Veckatimest – Grizzly Bear

Quelli di Pitchfork se ne sono follemente innamorati, quelli della Warp Records sono convinti di aver trovato la gallina dalle uova d’oro, il piccolo universo indie-rock ha festeggiato almeno un’estate sulle note di Veckatimest, terzo disco dei newyorkesi Grizzly Bear: la verità si perde nel mezzo, un album sopra la media, con buone intuizioni verso un folk edulcorato e tuttavia ruffiano al popolo indie.

Grizzly Bear - VeckatimestSave up all the days a routine malaise: Senza scomodare teorie freudiane o scorciatoie marxiste della scuola di Francoforte, ho scoperto (mio malgrado) che semplicemente Veckatimest (Island) è un’isoletta deserta del Massachusetts, ed in questo ringrazio Google Maps che ha attutito la mia delusione delirante. Dei Grizzly Bear prima del 2009 ricordo (a ritroso) qualche bozzetto elettro-folk piuttosto crudo come il singolo Knife contenuto in Yellow House (2006), senza che questo mi abbia effettivamente sconvolta. Invece in Veckatimest, Ed Droste e compagni, ripuliscono la tavolozza dei colori, trovando soluzioni melodiche forse più semplici e scontate, ma che hanno la capacità di riempire tutti gli spazi possibili, tra arrangiamenti, cori (Victoria Legrand dei Beach House) e addirittura archi (a cura del “guru” Nico Muhly, già con Björk e Philip Glass). Una struttura armonica complessa e stratificata che ha il pregio di arrivare diretta anche grazie a ballate pop dal sapore agrodolce, come la delicata All We Ask (Muhly fondamentale in questo caso!). Pur non brillando al primo ascolto, ad eccezion fatta per la plateale Two Weeks, il disco rilascia le più diverse sensazioni: dalla cervellotica scelta di alcuni stucchevoli arrangiamenti (il latrato di Fine For Now, ricalca un qualsiasi b-side beatlesiano, periodo White Album), all’onirismo cupo e denudato di Cheerleader, ad esempio; passando per quel frivolo e smidollato indie-folk composto da barocchismi (come nella traccia d’apertura Southern Point) che lasciano sempre qualche retrogusto (piacevole) sotto il palato.

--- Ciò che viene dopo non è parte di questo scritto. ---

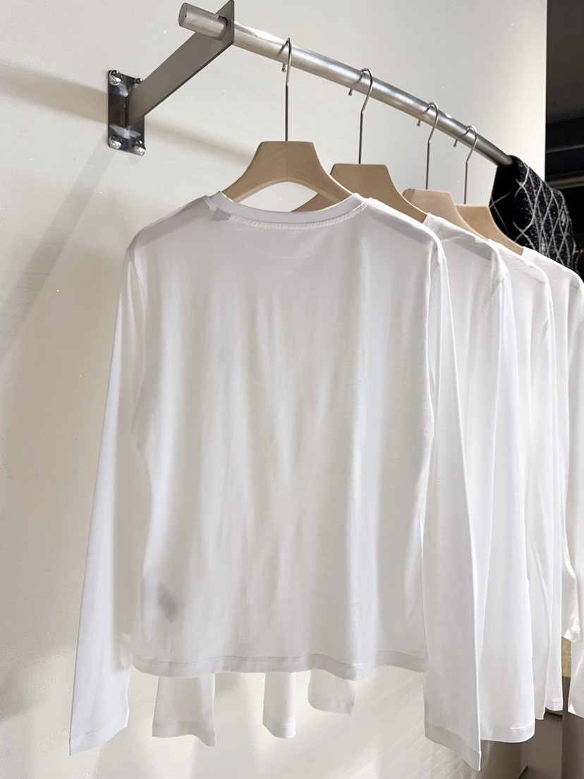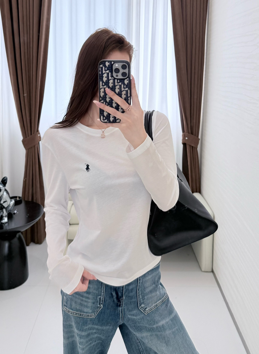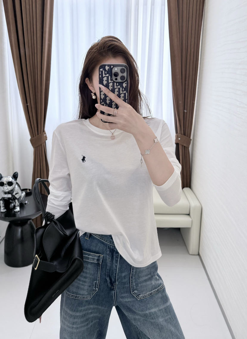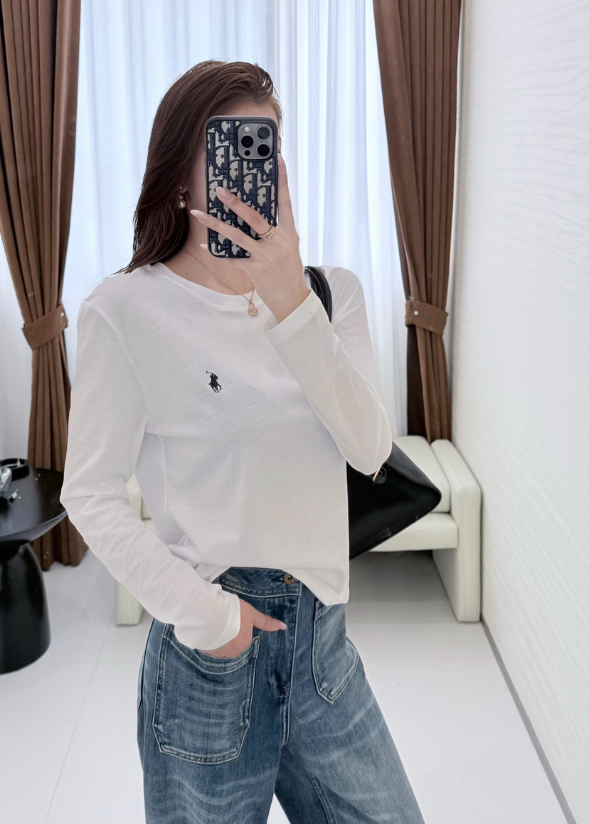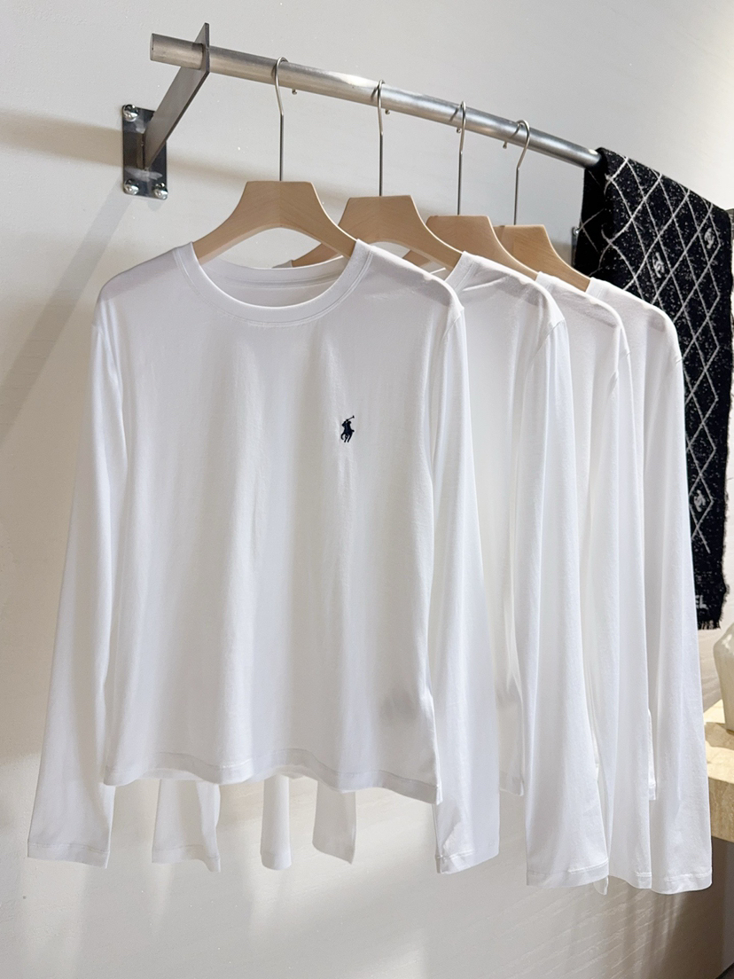 33-1 圆正渠道货 小马刺绣 基础款 女士白色圆领长袖 单穿打底

Make a decision with a kiss, maybe I have frostbite: nel cuore di Veckatimest , appare quasi superfluo il madrigale di Dory (il cui umore grottesco contraddice la sua natura scarna), eppure nel complesso del disco è forse una tappa fondamentale per apprezzare i dettagli degli arpeggi mozzati di Daniel Rossen, come del resto -lussureggiante di nostalgia- suona l’ironica Ready, Able, che cresce bene nell’outro, piazzato tra una sterminata valle di cori ed echi. E’ un questo preciso punto che un ascoltatore (finora distratto) può apprezzare l’arguzia con cui i Grizzly Bear hanno confezionato un disco intelligente, e non convenzionale dei suoi artifici pop. In About Face l’orecchio cerca di decifrare i sussulti di una melodia zoppa nella strada che conduce al mainstream, persino nella ovattata Hold Still si possono cogliere una varietà di soluzioni melense affogate in un oblio post-europeo.
Il vestito per le feste è confezionato con le percussioni secche ed affascinanti di Christopher Bear e le ritmiche liquide di Chris Taylor (che a soprasseduto alla produzione) e si manifestano splendide nella pomposa While You Wait for the Others; in I Live with you si rimarcano le sensazionali arie d’archi e fiati che abbracciano un cantato sgualcito e teatrale; mentre il disco si chiude in maniera languida e dolce con la penetrante Foreground, ultimo diamante grezzo fatto di pianoforte e tenerezza.

While you wait for the others ,to make it all worthwhile: con Veckatimest i Grizzly Bear entrano nel Gotha dell’indie moderno e a pieno merito, soprattutto grazie ad un ritrovato minimalismo di facciata, che nasconde altresì una produzione sofisticata (seppur abusando dei cori!) e ricca di tranelli e dettagli a cui è interessante abbandonarsi. Difficile tuttavia ripetersi, o bissare un perfetto connubio tra tecnica ed emotività … già, molto difficile!